9/11 investigator testifies in German trial
HAMBURG, Germany – Lead Sept. 11 pilot Mohamed Atta may have been involved in the plot to attack the United States earlier than is widely believed, a U.S. investigator who helped write the 9/11 Commission Report said Tuesday at the retrial of a Moroccan accused of aiding the hijackers.
The testimony by Dietrich Snell could bolster prosecutors’ contention that suicide hijackers Atta, Marwan al-Shehhi, and Ziad Jarrah and their alleged accomplice Ramzi Binalshibh formed a terrorist organization in Germany before going to Afghanistan in 1999 to train at one of Osama bin Laden’s camps.

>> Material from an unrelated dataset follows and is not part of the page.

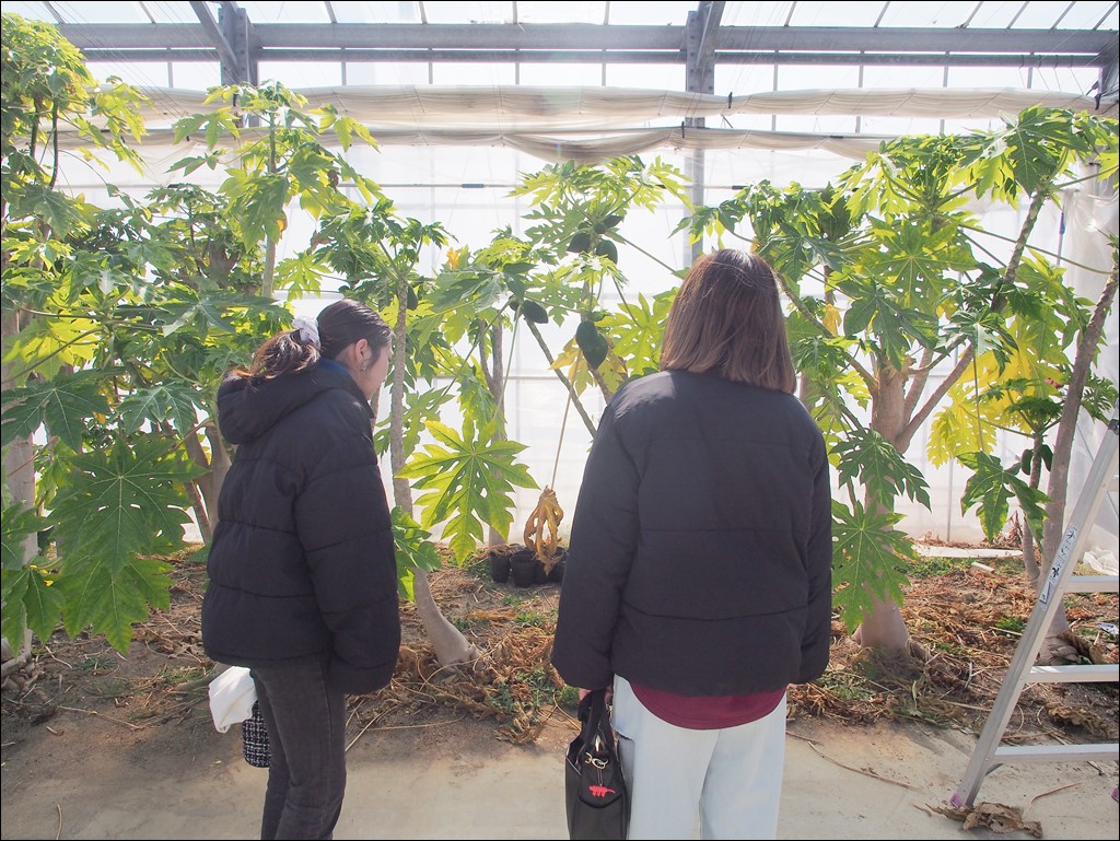 3/1 東亞合成(株)様とワークセンターさくら様の学生インターン生が見学にいらっしゃいました [ フルーツ栽培 ] 2025年3月1日(土曜日) 令和7年3月1日(土)に東亞合成(株)様とワークセンターさくら様の学生インターン生2名が見学にいらっしゃいました。 トロピカルフルーツミュージアムで追熟設備を見学された後、ハウスでバナナ「綺麗」やパパイヤをご覧になられました。バナナハートが成長して、中から出来てきたバナナとその先端の花を観賞されました。企業が抱える課題の解決については、動き始めている段階だそうです。 広野町に滞在している間に、パークゴルフもぜひ体験していただきたいです。

Mounir el Motassadeq, 30, is accused of providing logistical support to the group. He risks 15 years in prison on more than 3,000 counts of accessory to murder and membership in a terrorist organization.
Snell, a New York prosecutor who led the team of investigators behind the U.S. Sept. 11 commission’s report to Congress last year, said he had no hard evidence to back up his suspicion.
“In the report, we did point out the possibility, due to the lack of evidence of the whereabouts of Mohamed Atta, that he may have traveled to Afghanistan previously,” Snell told the panel.